I've been enamored with finger limes ever since I had them on some fresh oysters and in some phenomenal cocktails last year. I love how the little tiny spherical bubbles feel on my tongue and when you bite into them you get this effervescent burst of lemon-lime flavor with a slight floral undertone. They're kind of like a citrus pop rock.

Now I'll admit at first glance, finger limes are a bit fugly. They look like dried out gherkins (especially the ones with brown or purple peel) or a pudgy ogre finger, but the pulp inside this microcitrus is amazing. When you cut into the finger lime (which by the way isn't even a lime, it's a cousin to the lime), you'll see a bunch of translucent pearls. They can range in color from clear, green or pink. If you give the outside layer a squeeze, the pearl-like pulp will come tumbling out.

Finger limes are quite versatile. You can use them in drinks, marmalades, salads....You can also use the zest. The zest of finger limes is a bit unusual. It's thin and contains isomenthone, which is common in mint but unusual in citrus. My favorite way to use finger limes is to squeeze them onto fresh oysters (raw or grilled). Used as a garnish, the finger lime pearls add a nice kick of tanginess. One of the many cool things about finger limes is that you can freeze them (for 3-6 months). If you do this, you want to place them whole (uncut) on a baking sheet and once frozen, transfer them to an airtight container. When defrosting, defrost in the fridge.

Finger limes are a native bush to Australia so they're a bit hard to find but some farms (like Shanley Farms) in California have started growing them recently in small quantities. I was able to buy a container of them from the kind folks at Produce Express, which caterers to restaurants. So if you're in the restaurant biz you can order directly from them. Otherwise, I've seen finger limes at Whole Foods on occasion.  Or you can grow your own! Four Winds Growers in Winters, CA sells them in 5 gallon size tree form to area retailers.

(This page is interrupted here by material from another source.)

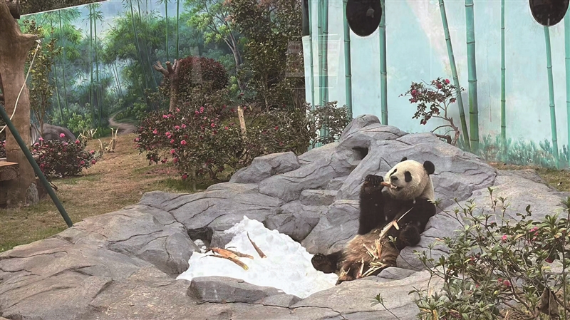 随着气温逐日下降,喜冷怕热的双胞胎大熊猫活力十足,爬树嬉戏、玩“雪”互动,展现了其适应低温环境的习性,吸引了大批现场游客观赏。亚洲象获得了喜爱的红土进行“泥浴SPA”,鸣禽区加装了空中爬架,涉禽区铺设了更自然的粗砂垫料。这些举措不仅丰富了动物的生活,也让游客感受到人与自然和谐共处的氛围。
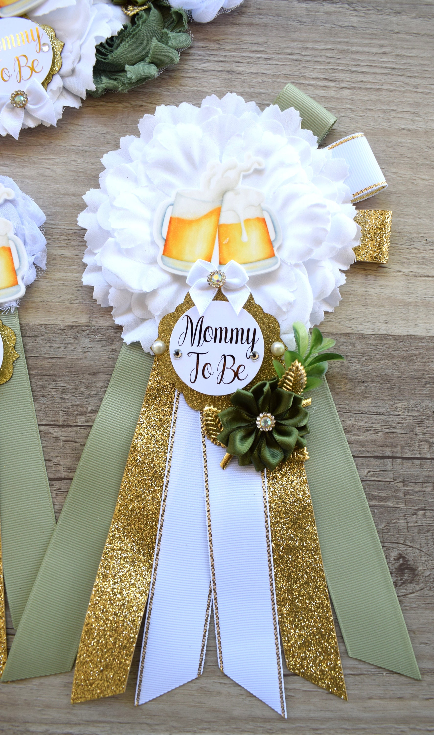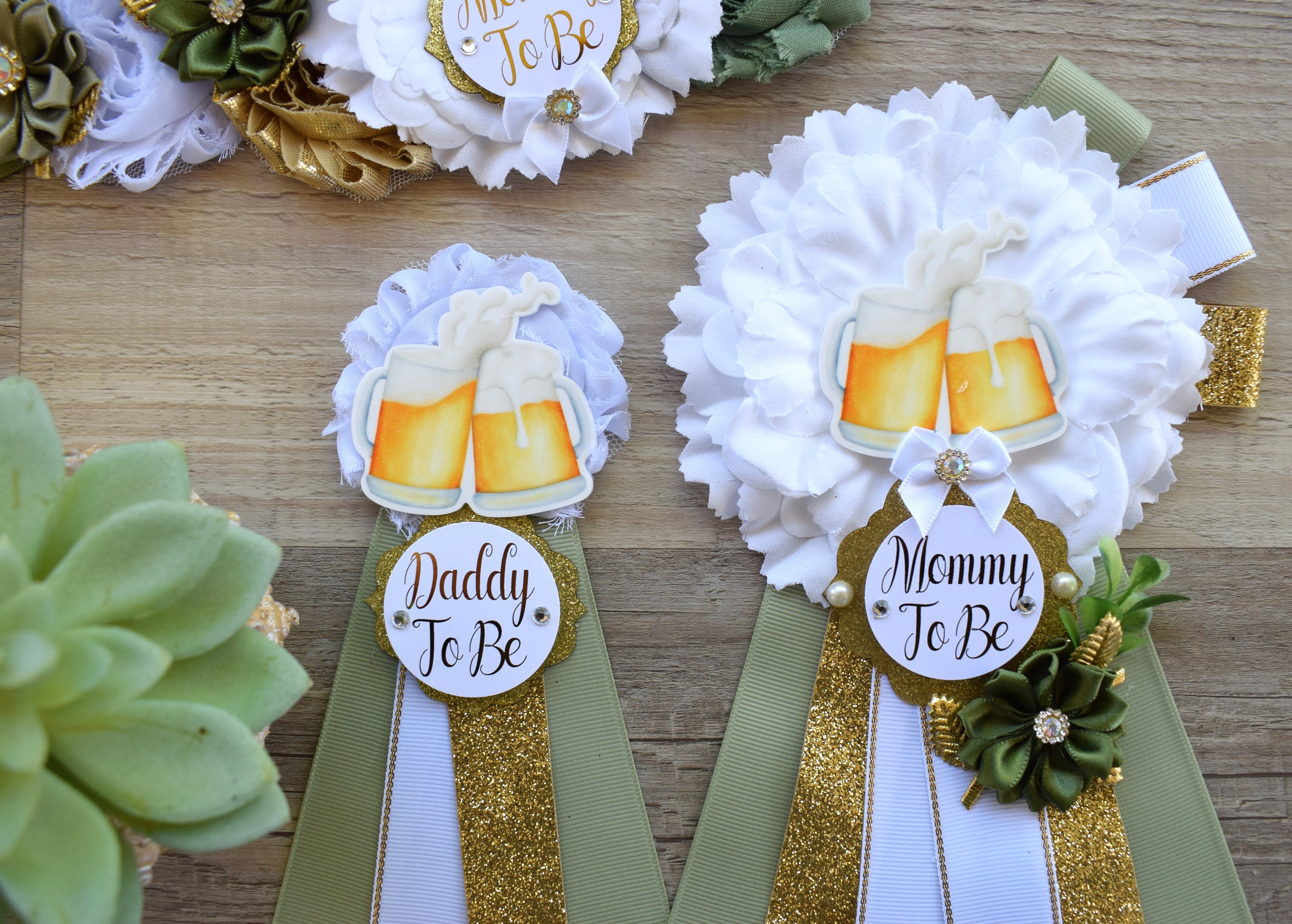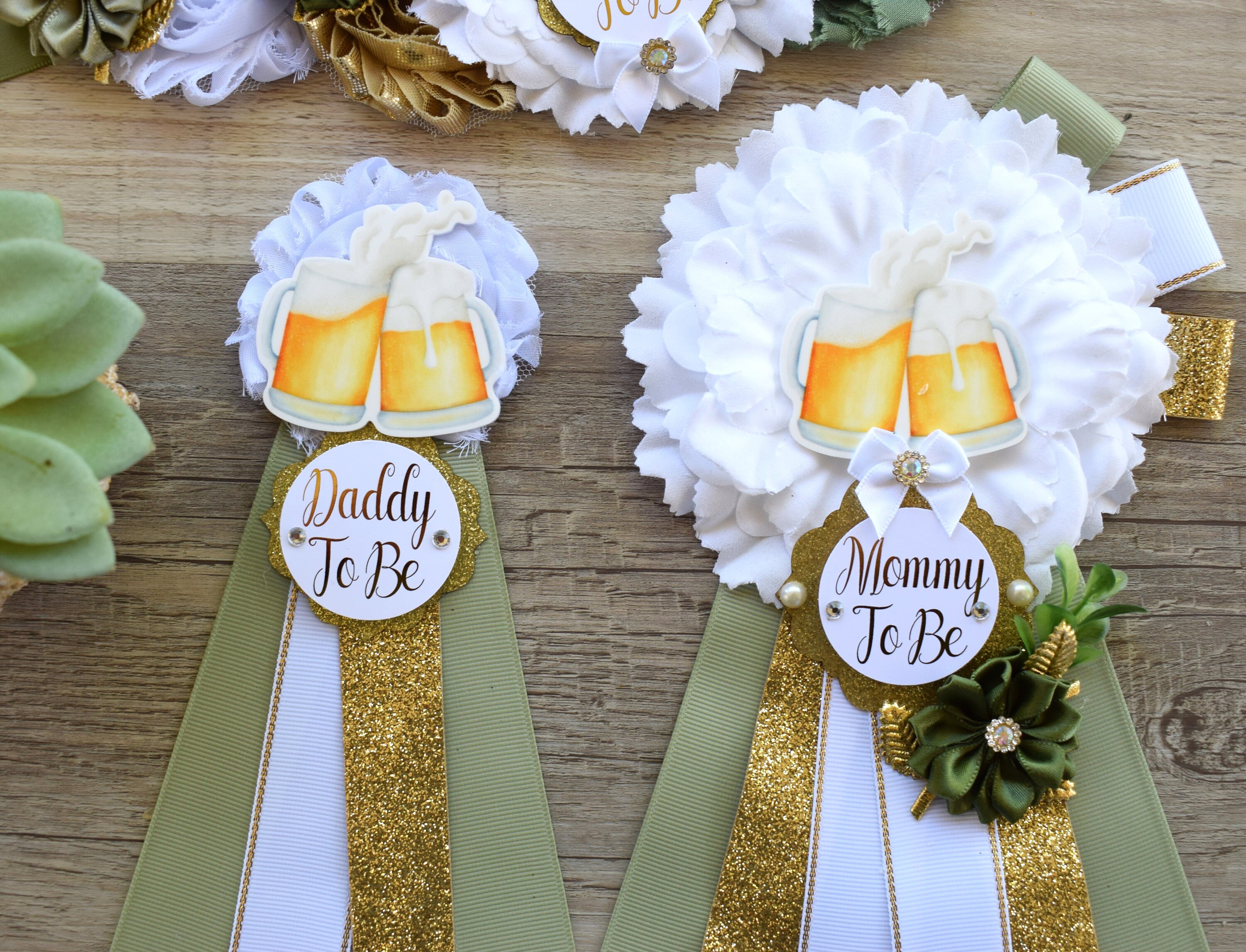 A Baby Is Brewing Baby Shower, Greenery White Gold Maternity Sash, Beer Mommy To Be Ribbon, Brewing Daddy To Be Pin, Gender Reveal Shower

Grilled Oysters With Butter, Sriracha and Finger Lime "Caviar"


1 dozen fresh oysters (I prefer the large ones for grilling), scrubbed

1/2 stick of unsalted butter, softened

1 teaspoon of Sriracha

1/4 teaspoon sea salt

2 tablespoons of grated Parmesan or Pecorino-Romano (optional)

5-6 finger limes, cut in half


1. Heat up your grill so it's VERY hot.

2. In a small bowl, mix up your butter, sriracha and sea salt. Place the bowl in the fridge for a bit to let it firm up.

3. Use an oyster shucker to open up your oysters. Be careful when popping the hinge, the shells are brittle and oftentimes sharp. Please don't slice open your hand.

* If you do not own a shucker or just don't want to shuck, you can place the closed oysters on your hot grill (cupped side on the bottom), with the top closed for 1-2 minutes. The oysters will open up on their own from the heat. Remove them as soon as the open.

4. Place a dollop of the butter-Sriracha mixture on each of your oyster. You can lightly sprinkle some Parmesan on the top too, if you wish. Place the oysters on the grill for 4-5 minutes (3-4 minutes if you popped them on the grill to open them). Use tongs to remove oysters from grate. The shell will be extremely hot.

5. Top with a squeeze of finger lime "caviar." Serve immediately.

2 Responses
  1. MMM this sounds good. We should get together and make some soon!

  2. Ally Says:

    Holler when you get back from your trip!